■ EXERCISE AIM: From the line containing "- 티스토리 메인에서" to the final line of the entries, copy each line exactly. Pictures stay out.

[Items from a data source]

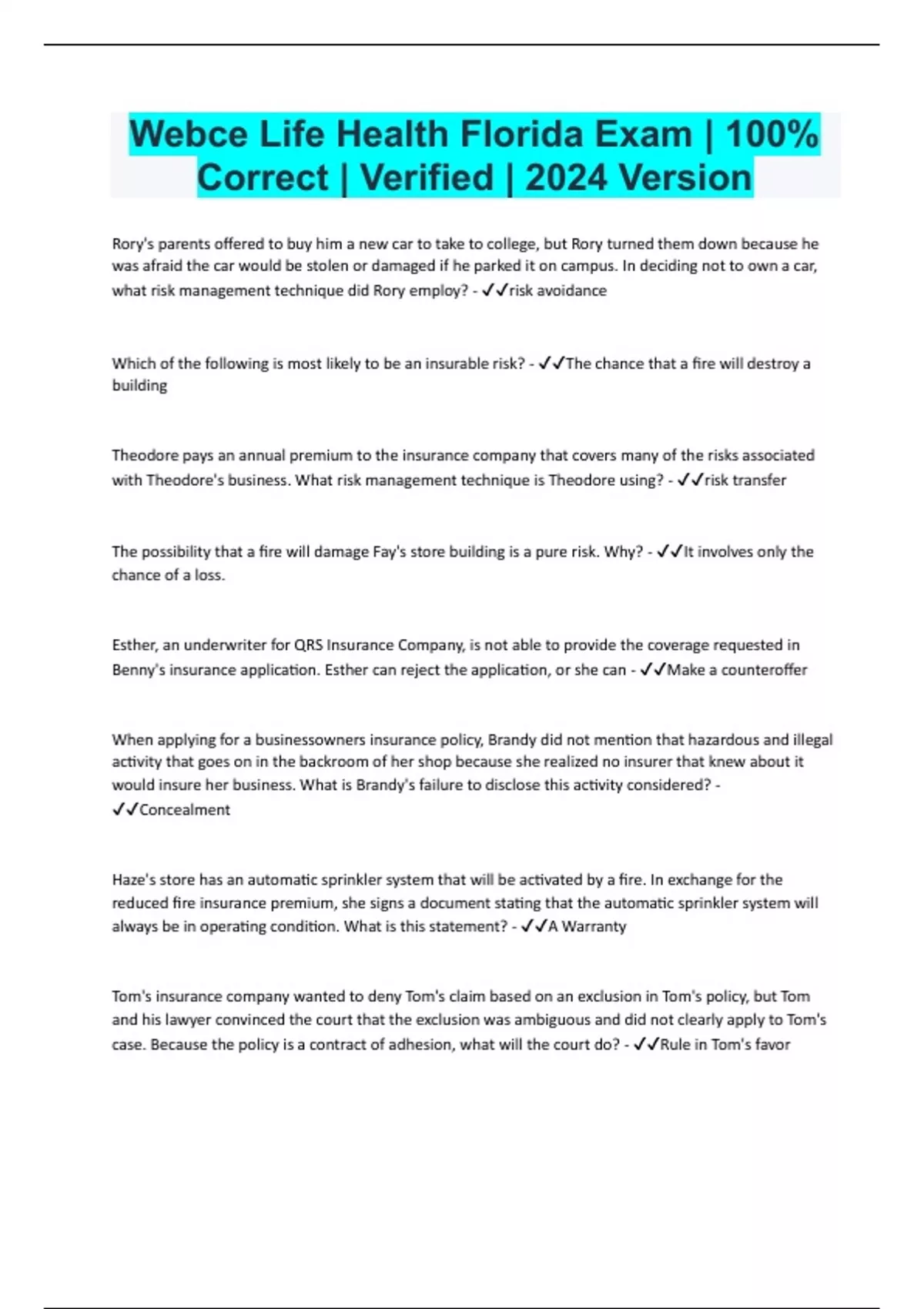 Webce Life Health Florida Exam | 100% Correct | Verified | 2024 Version
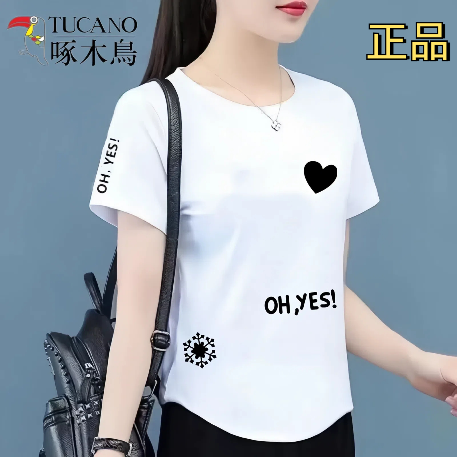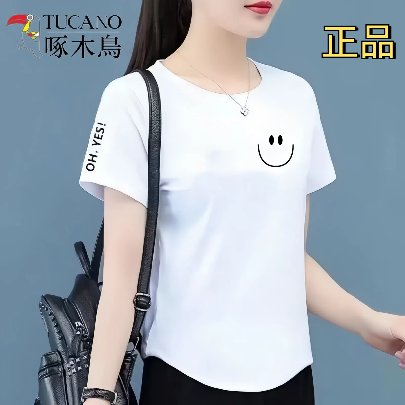 啄木鸟纯棉薄款2025夏季新款宽松显瘦时尚小众百搭女士短袖T恤衫
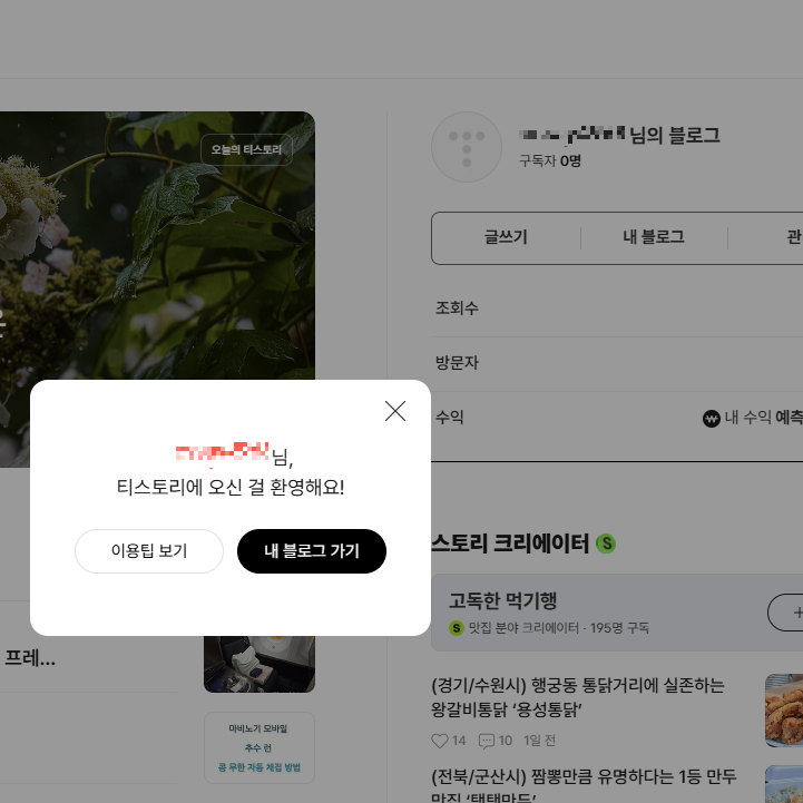 - 티스토리 메인에서 “시작하기” 클릭 → 카카오 로그인
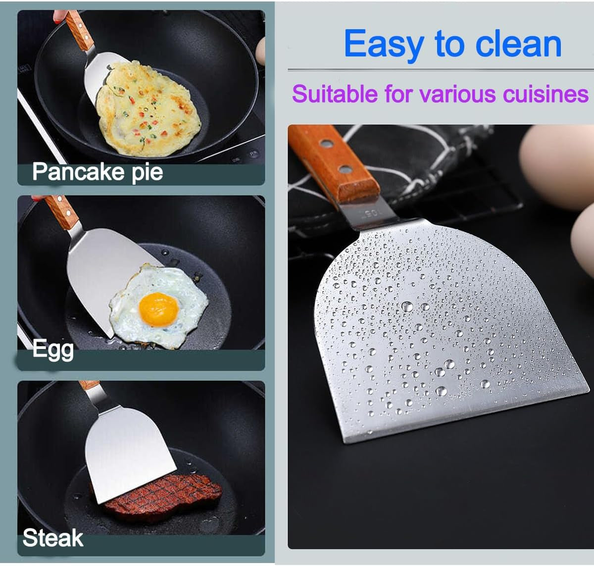 - ✅【Healthy material】: Our kitchen metal spatula is made of high-quality stainless steel. and the wooden handle is insulated from heat. making it easy to use in the kitchen or outdoors!
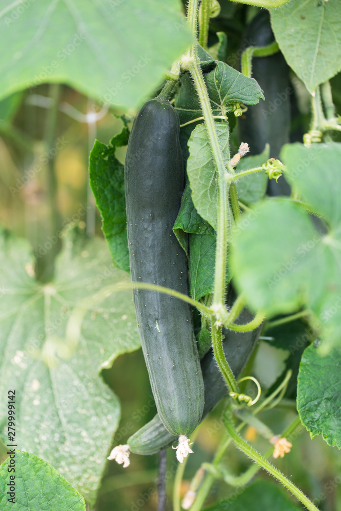 Cucumber plant. Italian bio agricultural vegetables on the farm.
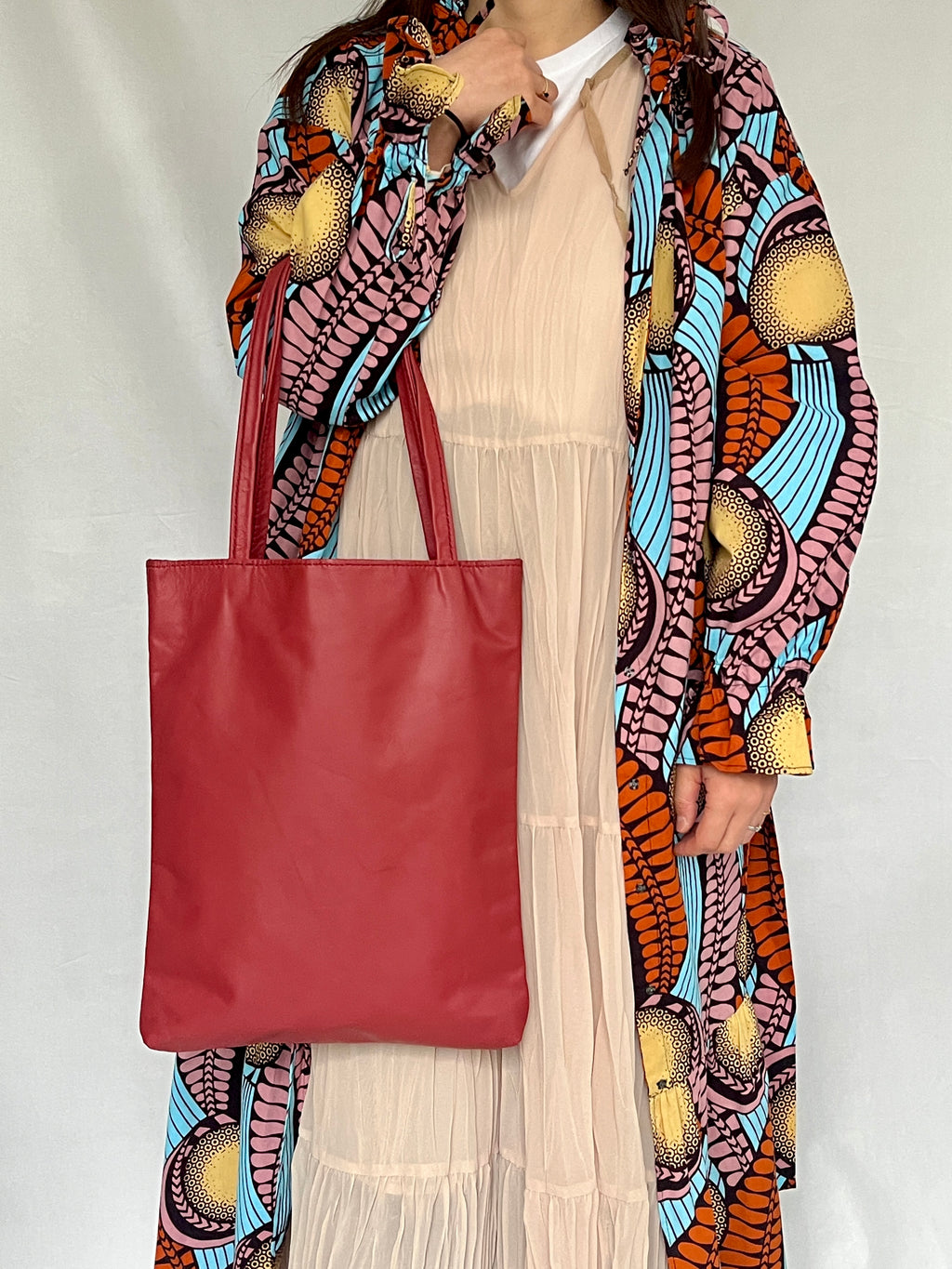 ウガンダでなめされたレザーを使用し、手縫いで仕上げたレザートートバッグ。
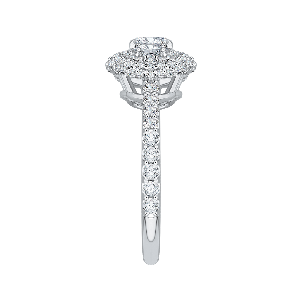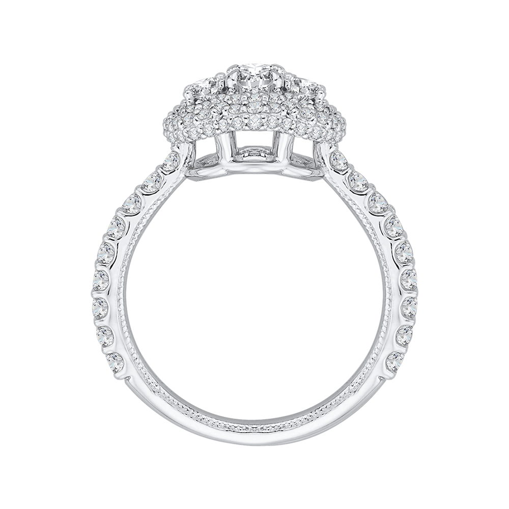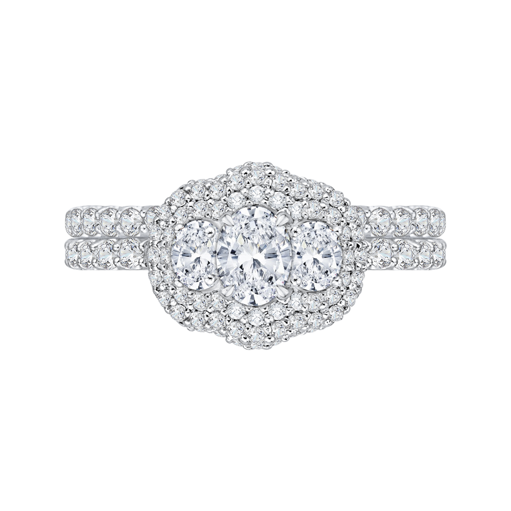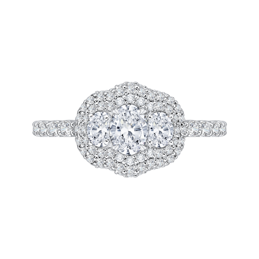 Oval Cut Diamond Three-Stone Halo Engagement Ring in 14K White Gold

■ RESULT OF THIS EXERCISE:
 - 티스토리 메인에서 “시작하기” 클릭 → 카카오 로그인
 - ✅【Healthy material】: Our kitchen metal spatula is made of high-quality stainless steel. and the wooden handle is insulated from heat. making it easy to use in the kitchen or outdoors!
 Cucumber plant. Italian bio agricultural vegetables on the farm.
 ウガンダでなめされたレザーを使用し、手縫いで仕上げたレザートートバッグ。
 Oval Cut Diamond Three-Stone Halo Engagement Ring in 14K White Gold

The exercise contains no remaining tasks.